IV. HIS PRESENT AND ABIDING SENSE OF THE EXCELLENCY OF THIS KNOWLEDGE. He spoke before in the past tense, "I counted these things loss for Christ." He now gives us his present judgment respecting the whole momentous concern, "I do count them but loss and dung." - T.C.

The apostle then sets forth, in very impressive terms, the familiar way of salvation: "That I may gain Christ, and be found in him, not having mine own righteousness, which is of the Law, but that which is through the faith of Christ, the righteousness of God by faith." Consider -

I. CHRIST THE PRESENT GAIN AND THE PRESENT SHELTER OF THE SINNER. The subject is presented under two aspects.

1. Christ the present Gain of the sinner. "That I may gain Christ." Consider:

(1) The person to be gained. "Christ." The Lord of heaven and earth, who has all treasures of happiness in his keeping, who is the supreme object of angelic worship and saintly adoration.

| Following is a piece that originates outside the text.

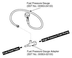 2. Install the special service tool for measuring the fuel pressure in between the fuel feed tube and the high pressure fuel pump (Refer to the Fig 1 below).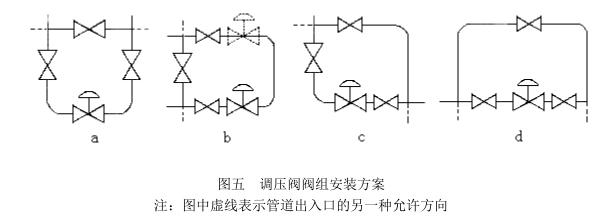 (3) 为便于现场维修及操作,调压阀四周应留有适当空间,阀前后应设置截止阀与旁路手动阀,如图五所示。

It is the Lord, not man, even the highest man on earth, whose favor can prosper or save us.

(2) How is Christ to be gained?

(a) Not by tears;

(b) nor by confession to a priest;

(c) not by good works;

(d) nor even by our "suffering the loss of all things."

We gain Christ simply in the act of our believing; but, in accepting the righteousness of God in him by faith, we throw overboard all our righteousness and all our unrighteousness, just as the shipwrecked sailor, to save his life and his ship, throws his precious cargo into the sea.

(3) The peculiar characteristics of this gain.

(a) A man may gain much in this life and yet lose it again. This cannot be the case of the sinner who gains Christ.

(b) A man may gain much and be disappointed after all. The world is full of such disillusionments. But the sinner who gains Christ obtains bliss without end.

(c) If a sinner does not gain Christ he loses his immortal soul. Christ is the one star of hope in the sky of heaven.

2. Christ the present Shelter of the sinner. "And be found in him, not having mine own righteousness, which is of the Law, but that which is through the faith of Christ, the righteousness of God by faith."

(1) The apostle repudiates all dependence on his own personal righteousness, even upon that righteousness which is of the Law, touching which he considered himself "blameless" from the Pharisaic standpoint.

(a) It is in keeping with his doctrine everywhere (Romans 2:20; Galatians 2:16.

(b) Human experience confirms the statement of the prophet that "all our righteous-nesses are as filthy rags" (Isaiah 64:6).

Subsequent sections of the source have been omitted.